The problem:
What is needed is an exact copy of the lines in the listing below, from the one with "Ming Wang Lurex" up to and including the one with "From the illustration", with no other lines.

Provided records:
# # # # #
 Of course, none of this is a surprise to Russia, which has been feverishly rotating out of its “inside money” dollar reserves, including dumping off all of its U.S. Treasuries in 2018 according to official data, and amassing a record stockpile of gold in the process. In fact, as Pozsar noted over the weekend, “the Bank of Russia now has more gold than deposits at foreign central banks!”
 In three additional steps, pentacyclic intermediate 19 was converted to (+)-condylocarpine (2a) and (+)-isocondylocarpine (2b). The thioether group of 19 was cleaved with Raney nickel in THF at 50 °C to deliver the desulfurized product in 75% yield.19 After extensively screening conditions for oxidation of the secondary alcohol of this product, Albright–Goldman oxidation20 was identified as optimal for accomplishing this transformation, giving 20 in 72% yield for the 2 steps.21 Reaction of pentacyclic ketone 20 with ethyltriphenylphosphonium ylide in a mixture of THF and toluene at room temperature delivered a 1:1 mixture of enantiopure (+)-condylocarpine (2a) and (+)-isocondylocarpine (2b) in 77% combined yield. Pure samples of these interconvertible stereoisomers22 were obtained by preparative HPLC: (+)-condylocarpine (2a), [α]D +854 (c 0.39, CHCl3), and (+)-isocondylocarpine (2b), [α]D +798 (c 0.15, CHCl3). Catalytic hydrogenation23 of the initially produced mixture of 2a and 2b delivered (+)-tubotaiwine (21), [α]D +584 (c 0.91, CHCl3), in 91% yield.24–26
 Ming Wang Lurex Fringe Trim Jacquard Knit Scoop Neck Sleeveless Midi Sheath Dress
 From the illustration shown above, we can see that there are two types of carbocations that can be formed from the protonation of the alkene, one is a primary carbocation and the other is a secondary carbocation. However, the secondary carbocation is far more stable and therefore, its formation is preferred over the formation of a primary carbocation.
# # # # #
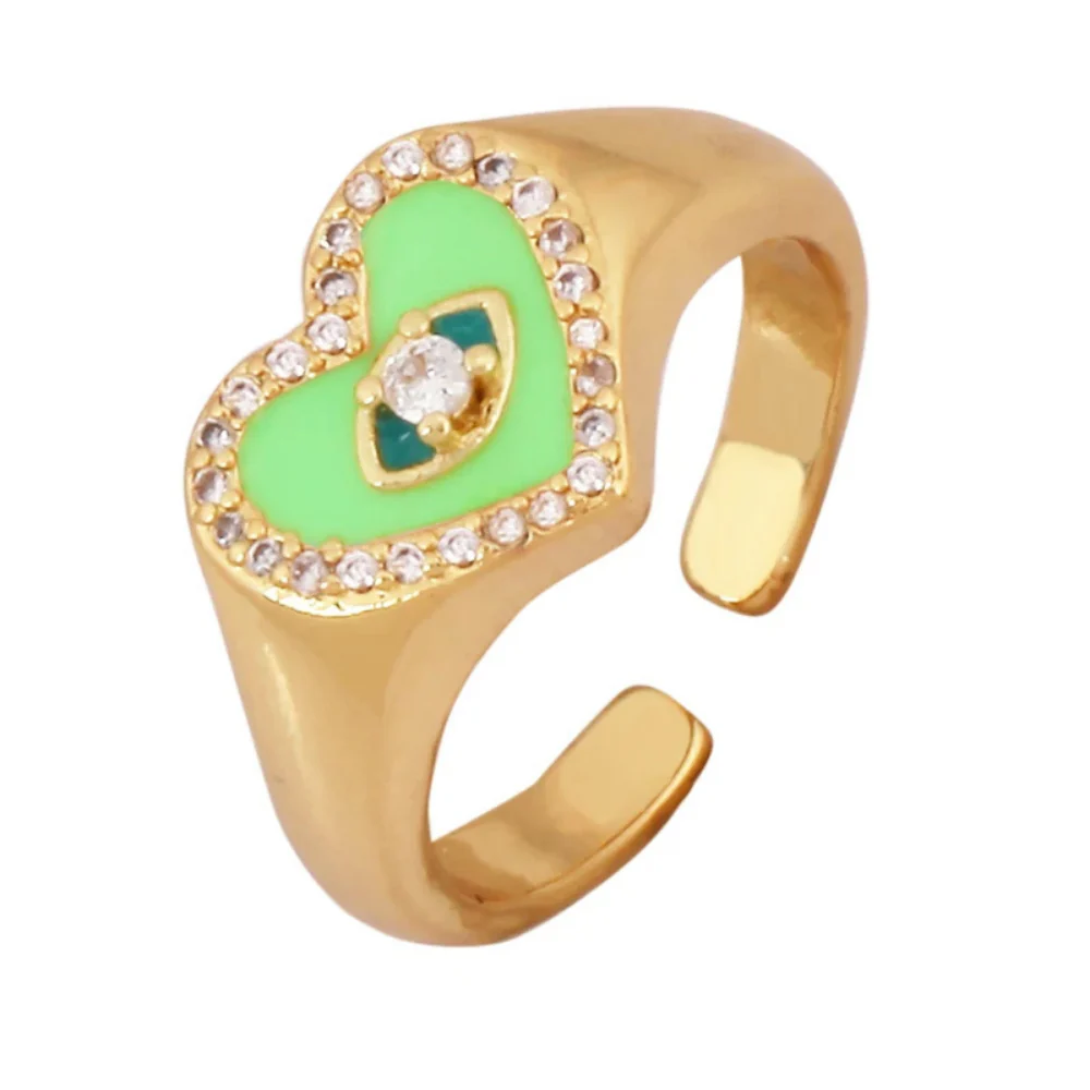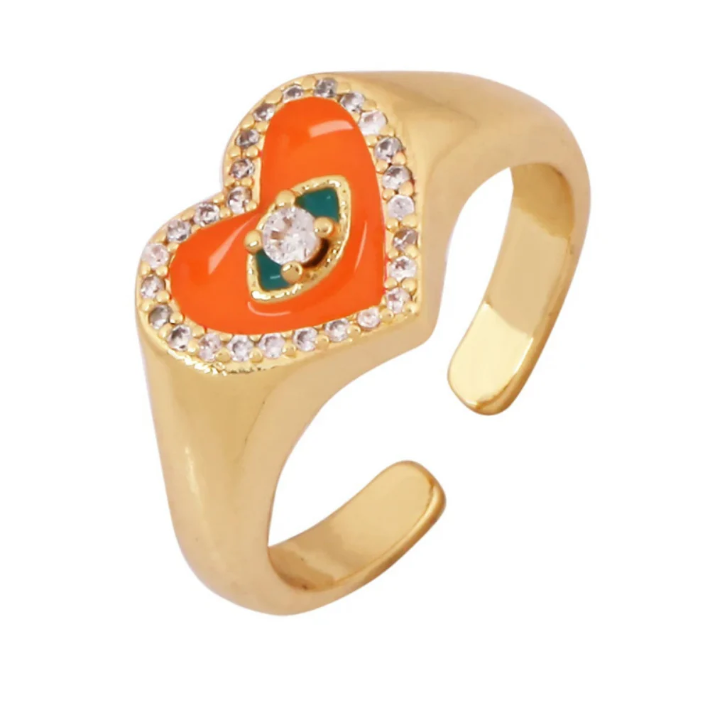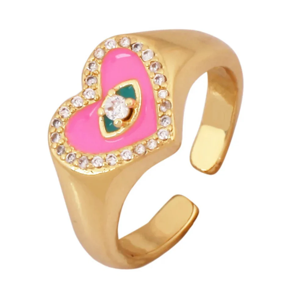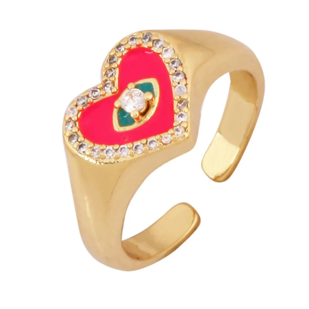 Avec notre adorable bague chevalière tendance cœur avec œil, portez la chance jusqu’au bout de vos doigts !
# # # # #
Expected answer:
 Ming Wang Lurex Fringe Trim Jacquard Knit Scoop Neck Sleeveless Midi Sheath Dress
 From the illustration shown above, we can see that there are two types of carbocations that can be formed from the protonation of the alkene, one is a primary carbocation and the other is a secondary carbocation. However, the secondary carbocation is far more stable and therefore, its formation is preferred over the formation of a primary carbocation.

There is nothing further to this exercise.